40,000 fMRI Studies Are Not Wrong

A common saying in the media used to be “If it bleeds, it leads.” Nowadays, people talk about click-bait headlines. The more salacious and tantalizing the headline, the more likely people will click on that article, driving up profit for web-based advertising. The newsworthiness or the veracity of the story are inconsequential. Unfortunately, click-bait language is now entering academia.

Recently, a paper was published in the Proceedings of the National Academy of Sciences called “Cluster failure: Why fMRI inferences for spatial extent have inflated false-positive rates” by Anders Eklund, Thomas E. Nichols, and Hans Knutsson. The paper uses resting state fMRI data to estimate the familywise error rate of group statistical analyses when using a cluster threshold to control for multiple comparisons. When expecting 5% false positives, the study instead found much higher false positive rates, including rates up to 70%. The authors state that the “results question the validity of some 40,000 fMRI studies and may have a large impact on the interpretation of neuroimaging results.”

This is an example of click-bait language entering academic papers. This is a foolish (and unprofessional) claim to make. To make a claim like this, they would need to comb through hundreds of fMRI papers, determining how many studies use cluster thresholds and large, voxelwise p-values. But the authors do not do this. Nevertheless, this paper caused a firestorm in the popular science journalism online, making headlines such as these:

Bug in fMRI software calls 15 years of research into question (Wired)

A bug in fMRI software could invalidate 15 years of brain research (Science alert)

Tens of thousands of FMRI brain studies may be flawed (Forbes)

Software faults raise questions about the validity of brain studies (Ars Technica)

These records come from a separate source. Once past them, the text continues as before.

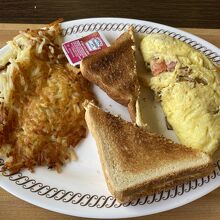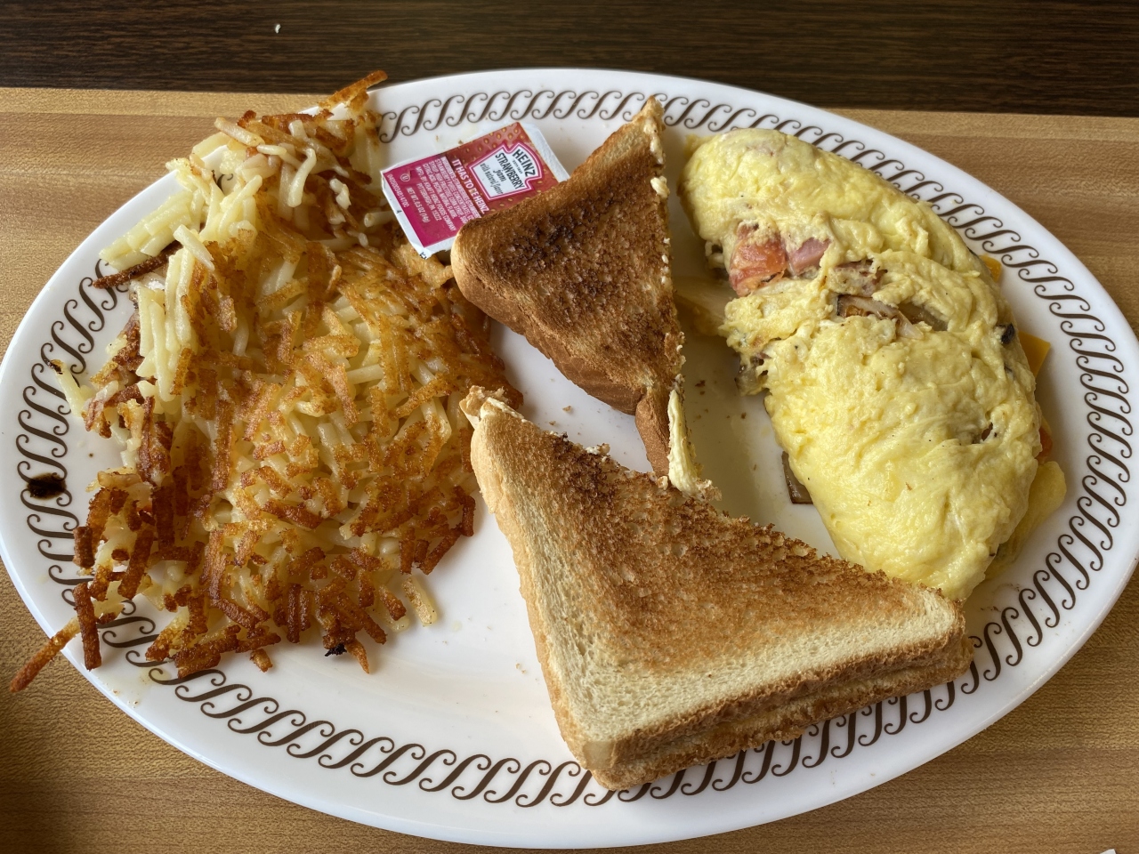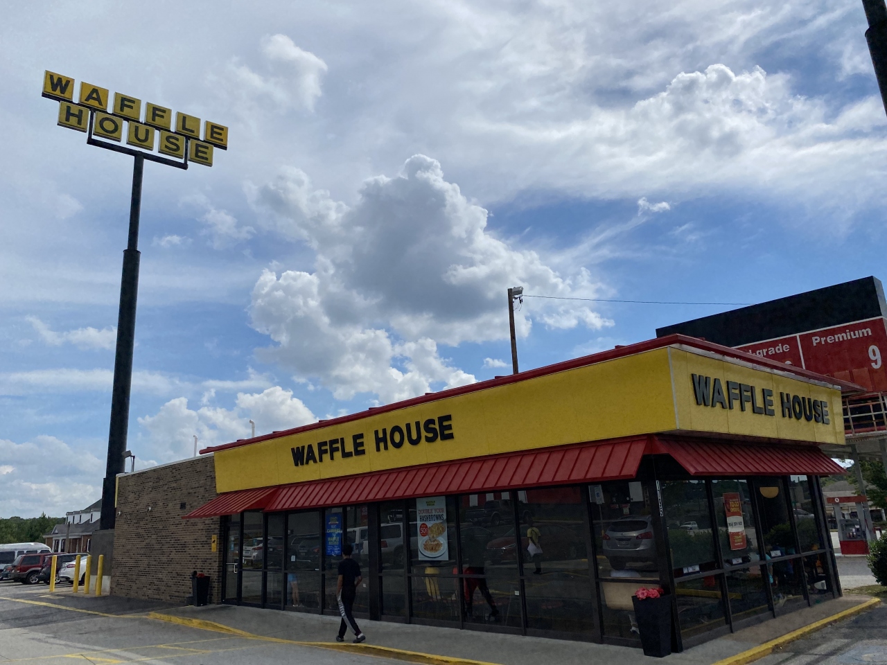 スパルタンバーグのホテルを素泊まりしたので、チェックアウト後に朝食で「ワッフル・ハウス」のスパルタンバーグ店に行きました。ワッフル・ハウスは、アメリカ南部では絶大な勢力を誇るファストフード店で、ちょっとした規模の町には必ずあります。安くてそこそこ美味しいので人気。24時間営業の店も多く、食事どきは結構混んでます。私は大体いつも「オールスター・スペシャル」。但し、これはしっかり空腹の時しかオーダーできません。…というか、しっかり空腹でなければワッフル・ハウスには行きません。妻は大体いつも「フィエスタ・オムレツ」。野菜が入ったオムレツなので比較的ヘルシー。こちらはワッフルは付かないので、オールスターのワッフルを二人でシェアします。とにかく安くて南部の朝食を満喫できる店です。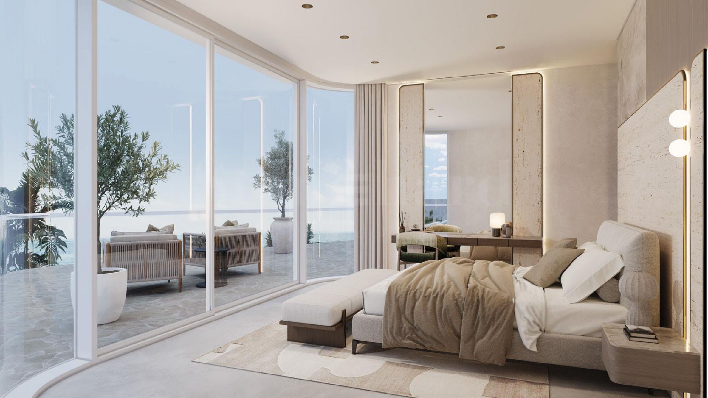 Интериорът е изграден с изключително внимание към детайла – високите тавани и панорамните прозорци от пода до тавана създават усещане за лекота и връзка с морето, което се превръща в част от ежедневието.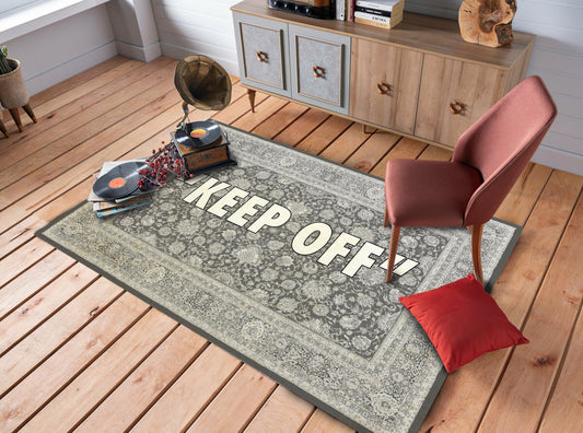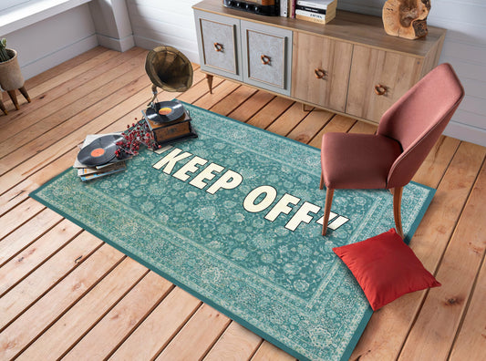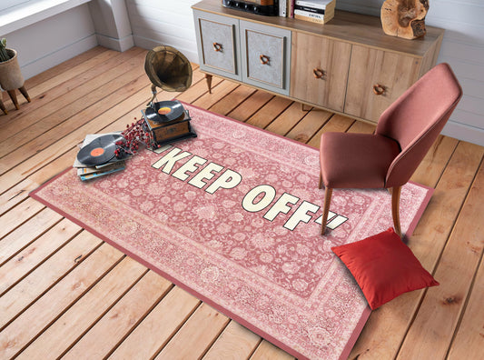 Floral Printed Rug, Keep Off Text Carpet, Sneaker Room Mat, Keepoff Themed Carpet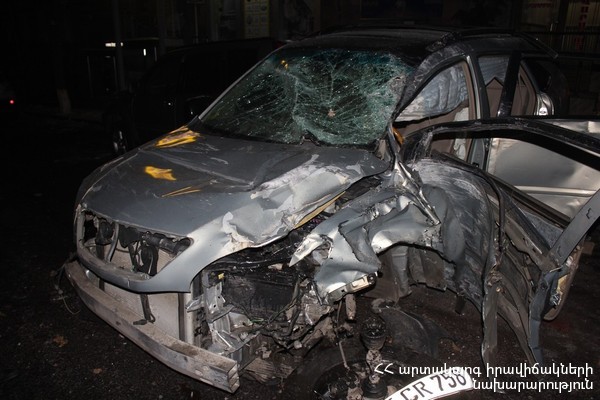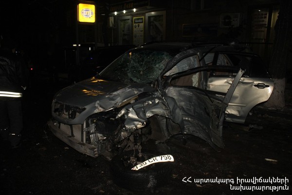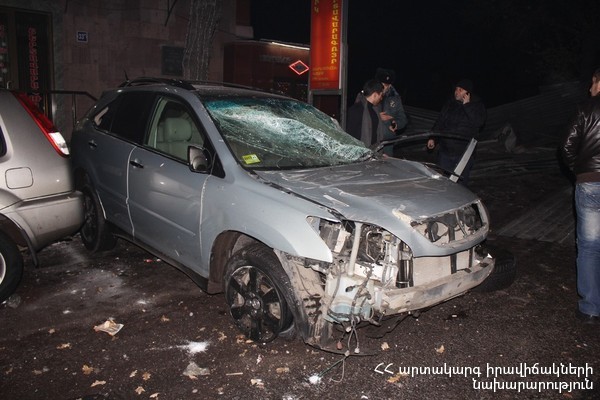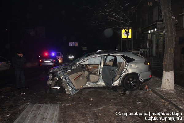 Դեկտեմբերի 25-ին, ժամը 05.27-ին ԱԻՆ-ում տեղեկություն է ստացվել, որ Երևանի Բաղրամյան պողոտայի թիվ 33ա շենքի մոտակայքում տեղի է ունեցել ՃՏՊ. «Lexus» մակնիշի 35 CR 758 պետհամարանիշով ավտոմեքենան (վարորդ` 1991 թ. ծնված Ա. Բ.) դուրս է եկել ճանապարհի երթևեկելի հատվածից, բախվել նորակառույցի շինհրապարակի թիթեղյա պարսպին և մոտ 30 մ վնասելով այն` կրկին հայտնվել երթևեկելի հատվածում: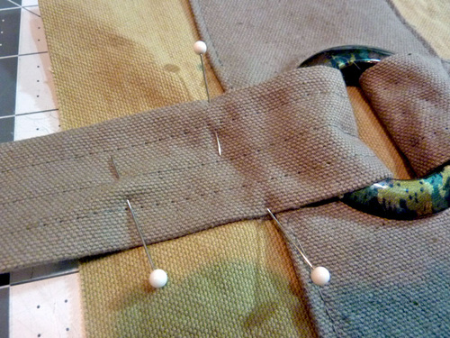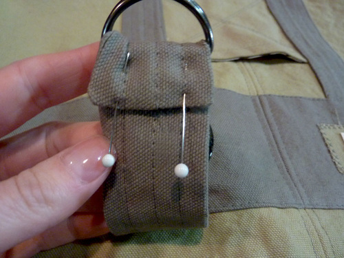 7. Find the two D-rings. Slip the finished end of the short strap through both of the rings. Bring the finished end around to the back of the strap approximately 1″ and pin in place.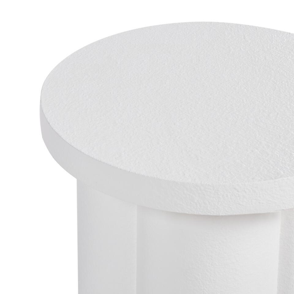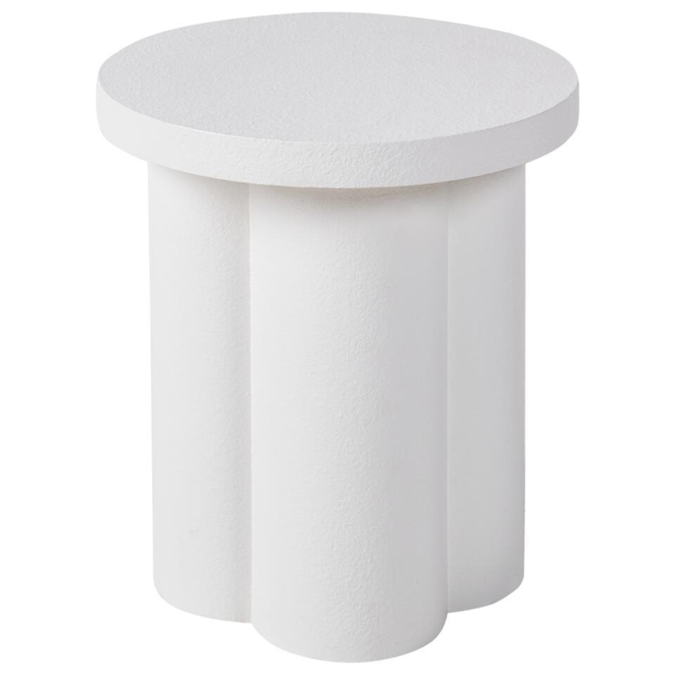 Scandinavische woonkamer bijzettafel. Deze uniek ontworpen bijzettafel heeft een getextureerde afwerking voor een moderne uitstraling. Met zijn organische, asymmetrische vorm en cilindrische poten voegt hij een sculpturaal accent toe aan elke ruimte. Het ruwe oppervlak creëert een reliëf en maakt het tot een pronkstuk met zowel stijl als karakter. Perfect als accenttafel of functioneel decorelement.

15 years of brain research has been invalidated by a software bug, says Swedish scientists (International Business Times)

When big data is bad data (ZDNet)

Thousands of fMRI brain studies in doubt due to software flaws (New Scientist)

 

These headlines are disappointing for many reasons. First, it was not a software bug that was discovered. Instead, the study found incorrect assumptions about fMRI data that led to a higher than expected rate of false positives. Second, the paper did not find that big data is bad data. Instead, it used big data to find the problem. This is an example of big data helping science.

 

In reality, the paper reports some very important findings. The study found that there are two incorrect assumptions that lead to inflated significance of statistical analyses when cluster thresholds are used. One is that the imaging data has non-Gaussian spatial autocorrelation functions. Spatial autocorrelation is a fancy way of saying that neighboring voxels (or 3D pixels) have similarities in their time course signals. It has previously been assumed that this similarity could be explained by a simple Gaussian model. The Eklund study showed that this is wrong. Two, the study found that the spatial smoothness in the images is not constant throughout the brain. Instead, the spatial smoothness varies.

 

Both of these findings are important and should be taken into account when applying the cluster threshold. Eklund et al. suggest the use of non-parametric statistical methods, meaning using bootstrap methods to determine the statistical significance of clusters. This is one good solution. However, other solutions exist as well. Researchers could choose to not use cluster threshold and instead rely on false discovery rate (FDR) thresholding, which fMRI researchers have been using since at least 2002. It may also be possible to use smaller cluster determining thresholds (also called voxelwise p-values).

 

The authors make one more very important point. They state that “the fMRI community should, in our opinion, focus on validation of existing methods.” This is most definitely true. Unfortunately, researchers are generally more motivated to develop new methods rather than refine old methods. New ideas grab grants and publications in leading journals. There is not much personal incentive for scientists to validate methods and repeat studies. However, the neuroimaging community would be much better served if existing methods could be validated, especially as there are many potential clinical uses of fMRI on the horizon.

 

One of the authors of the PNAS paper, Thomas Nichols, recently wrote a blog where he recalculated the number of fMRI papers that could be affected by the cluster threshold problem. He argued that it is more likely that 3,500 fMRI papers are affected instead of 40,000. An errata has been written by the authors and accepted by the journal. There is most likely a certain number of papers that use faulty statistical methodology, yielding inflated significance of activation. However, the number 3,500 is a rough estimation, not a true figure.

 

So, no, 40,000 fMRI papers are not wrong. And yet, the flurry of online articles making this hyperbolic claim have already been written and absorbed into the collective consciousness of the science-following public. I doubt we will see as many science journalists writing articles about the correction. Errata do not make for click-bait headlines.